The presence of dyslipidemia and glucose abnormality are related to increased risk for both DM and HTN [7,8]. It has since long been established that dyslipidemia which characterized by low levels of high-density lipoprotein cholesterol (HDL-C), and high levels of total cholesterol (TC), low-density lipoprotein cholesterol (LDL-C), the overproduction of triglycerides (TG), is the cornerstone of arteriolosclerosis and is able to increase prevalence of CVD in high-risk subjects such as those with HTN or DM [9,10,11]. It is well-known that statin medicines mediate the biggest benefit with CVD risk decrease, particularly among subjects with T2DM [12,13,14]. The findings suggest that glucose abnormality per se has an influence on HTN risk [15]. In addition, not only can the aggressive glycemic control lower blood pressure (BP) of ambulatory, but also these medications can be able to postpone the onset and to decrease the mortality of CVD that has important significance in improvement of certain clinical endpoints [16,17]. Similarly, it is reported that the insulin secretion abilities of patients with diabetes ameliorated owing to the appropriate treatment for high levels of fasting plasma glucose (FBG) and TG [8].

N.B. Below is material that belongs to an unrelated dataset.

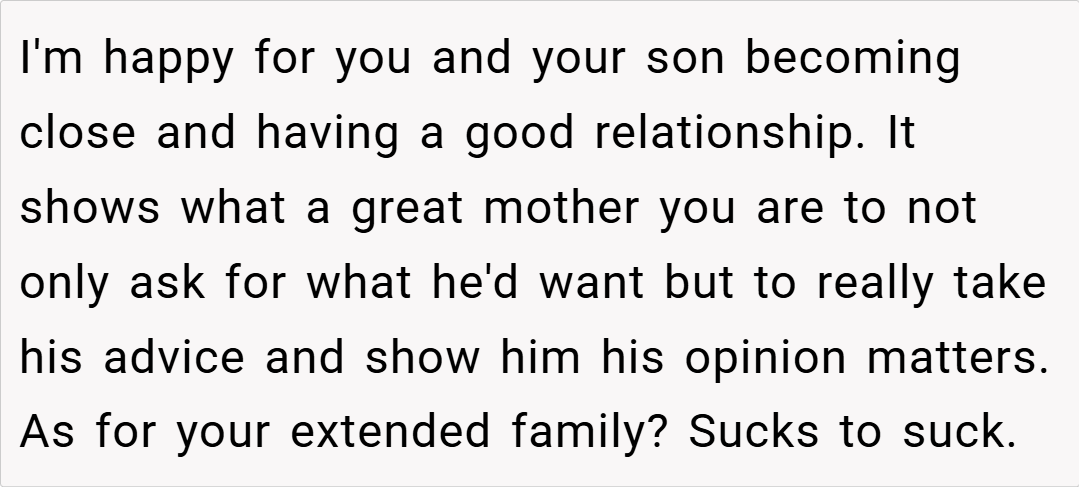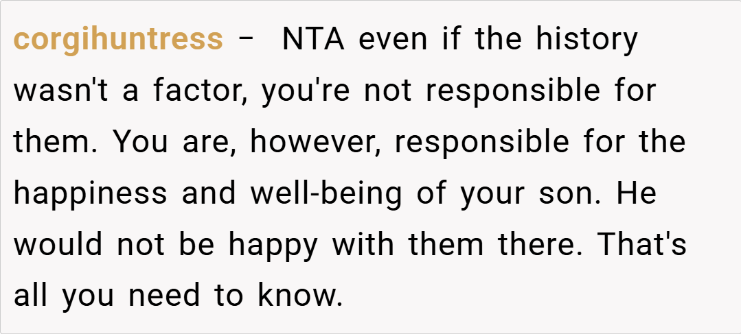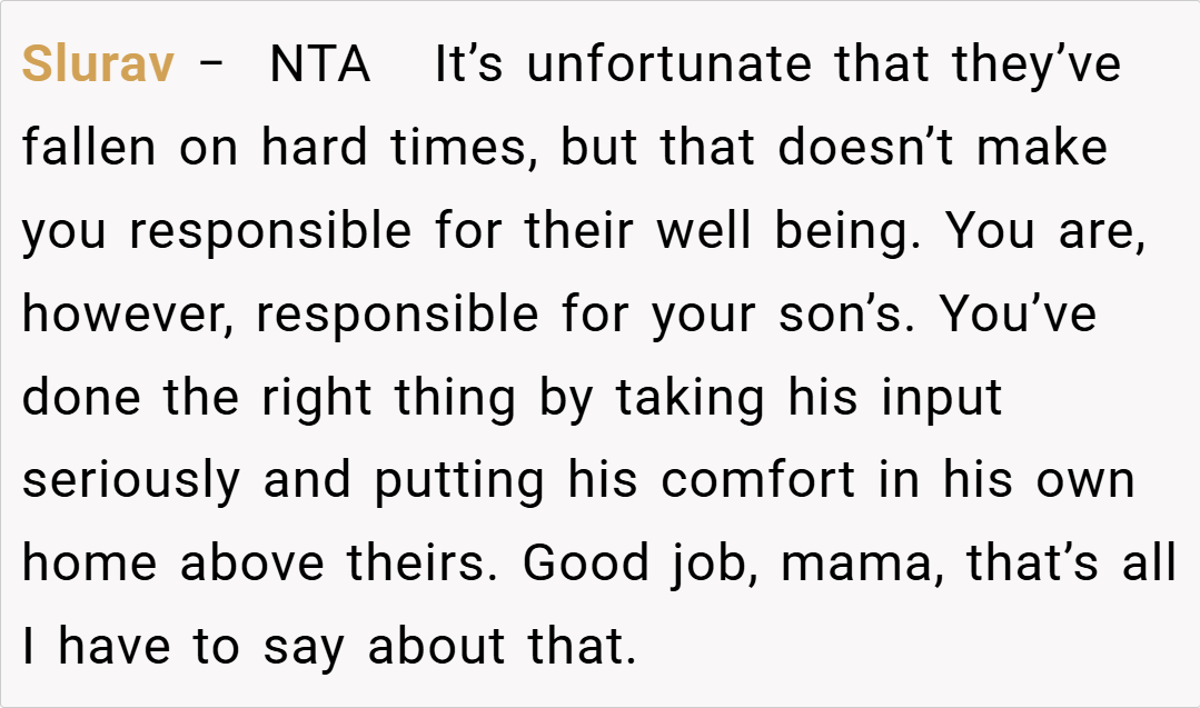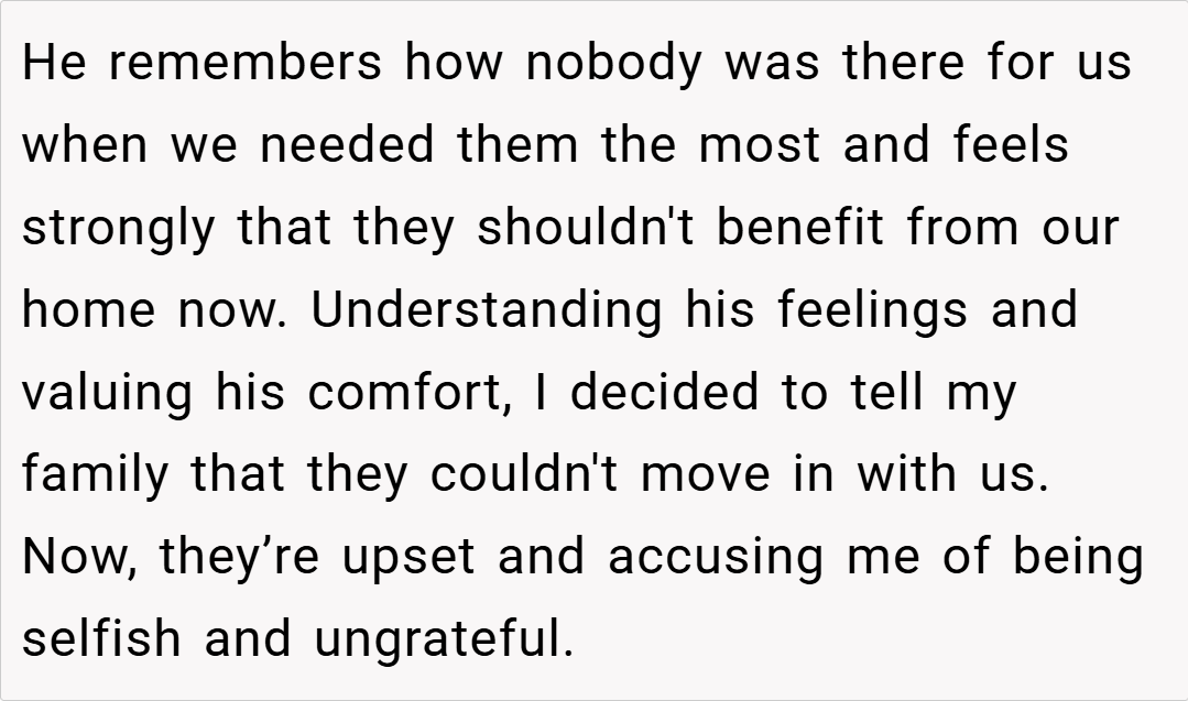 In the end, OP’s decision to refuse her family’s request to move in is driven by a need to protect her son’s emotional well-being and to avoid repeating painful family history. Although some may view it as ungrateful, many believe that prioritizing a child’s feelings—especially when they have been let down in the past—is entirely justified.

The reasonable pathophysiological mechanisms linking HTN, hyperglycemia, dyslipidemia and T2DM are regarded as insulin resistance (IR) and increased oxidative stress and visceral fat accumulation as well as elevated vascular inflammation [18,19,20]. Resent studies have shown that IR is regarded as a crucial mediator of HTN and CVD, and found that IR could be considered as the available risk identifier tool for the prevalence of DM and HTN [21]. In the researches, the glucose clamp technique is employed as the gold standard to assess IR and the insulin resistance (HOMA-IR) is used as the most commonly strategy to measure IR [22]. Nevertheless, in large epidemiological studies, all these techniques may have limitations owing to the prohibitive expense and low feasibility [23]. Thus, we need screening tools that are widely practical and affordable to indicate T2DM with HTN for the general population.

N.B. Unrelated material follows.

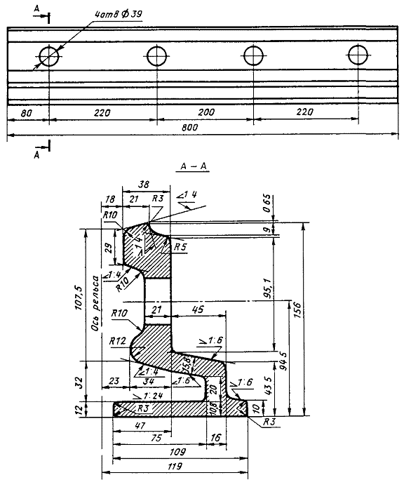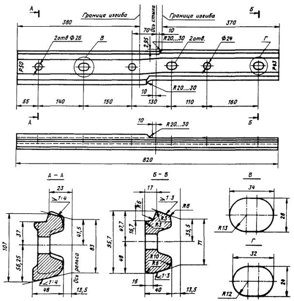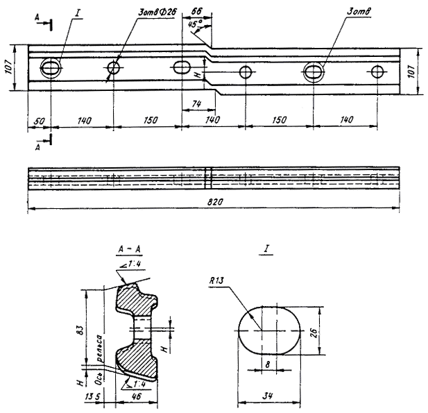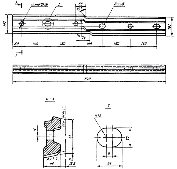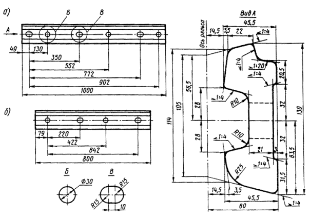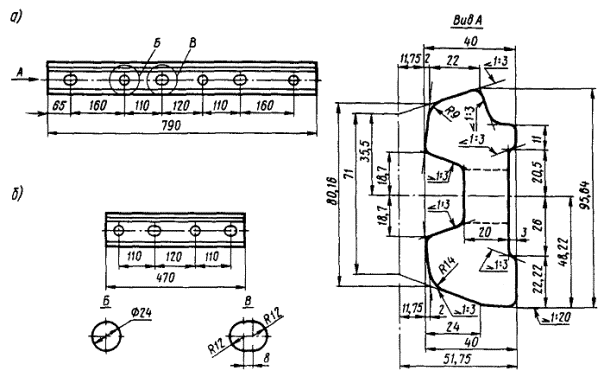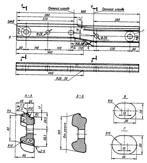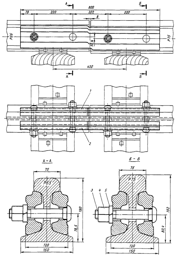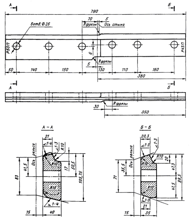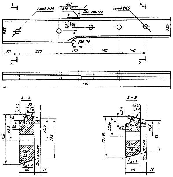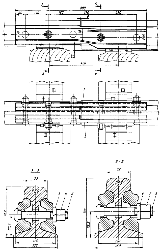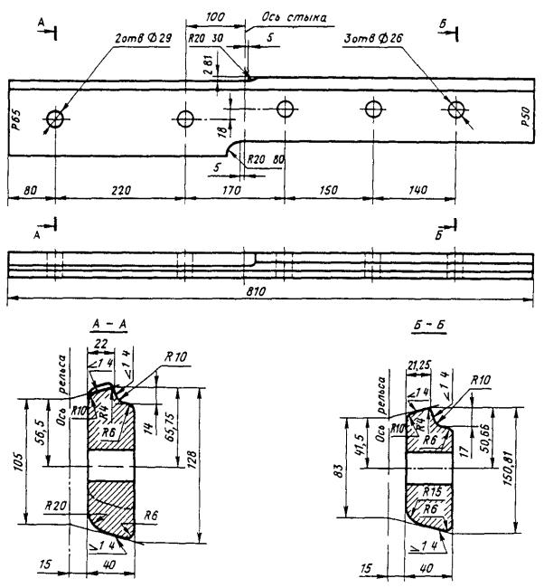 Черт. 118. Переходный стык рельсов Р65 - Р50 Черт. 119. Накладка

Some studies have suggested triglyceride glucose (TyG) index, the product of FBG and TG, as an ideal surrogate tool for IR [24]. The TyG index has shown higher specificity, sensitivity, time-efficient and cost-effective for identification of IR compared to other assessment indexes such as the hyper-insulinemic euglycemic clamp and HOMA-IR [24,25]. In addition, the TyG index has been implemented by clinicians of different countries to determine IR of diabetes and non-diabetes populations [26,27]. Moreover, this substitutional index has been validated as a reliable method to estimate CVD events and severity of coronary artery calcification [28]. Also, of importance was the TyG index which showed significant associations with coronary artery disease and HTN [29,30].

However, data are limited on the ability of the TyG index to predict HTN incidence with T2DM. The TyG index should be validated in the Chinese population. To address knowledge gap, the present study conducted a Chinese population-based prospective observational study of subjects without T2DM and HTN at baseline to explore whether the TyG index has the predictable capacity for a high risk of incident T2DM and HTN in adults in China.

Study subjects

This prospective observational study was conducted within the framework of a multicenter longitudinal REACTION study (Risk Evaluation of cAncers in Chinese diabetic Individuals), details of the baseline results and methods of the study have been described in a previous study [31]. The baseline study was conducted during November 2011 to August 2012 in Gucheng, Laoshan and Jinding communities of Beijing, and the subjects are 3-year intervals follow-up. Signed informed consents were obtained from all subjects before data collection. 193,14 individuals aged 40 years and over were registered by a cluster sampling method and underwent the baseline (first phase) examination. Because 12,219 subjects were excluded due to the following situations: previous history of diabetes and hypertension at baseline (n = 4484); subjects with T2DM at baseline [FBG ≥ 7.0 mmol/L, or 2 h post-load blood glucose (PBG) ≥ 11.1 mmol/L] (n = 1762); subjects with hypertension at baseline [systolic blood pressure (SBP) ≥ 140 mmHg or diastolic blood pressure (DBP) ≥ 90 mmHg] (n = 1877); using lipid-lowering drugs or with hyperlipidemia at baseline (n = 1,982); using antidiabetic-medication therapy at baseline (n = 925); using antihypertensive-medication therapy at baseline (n = 1022); missed data and/or included outliers (n = 167). Finally, a total of 7095 subjects were invited to undergo the examination of follow-up, and after excluding 346 subjects who had died during follow-up, 2315 subjects who didn’t attend any follow-up examination and 312 subjects who had used lipid-lowering drugs within the 7 years. We had 4122 subjects (1193 males and 2929 females) eligible for the present study (response rate 58.10%) and they were successfully enrolled in September 2018 to re-investigate the related information.

The protocol of this study was approved by the Committee on Human Research at Rui-Jin Hospital affiliated with the School of Medicine, Shanghai Jiao Tong University. This study was carried out by the Helsinki Declaration.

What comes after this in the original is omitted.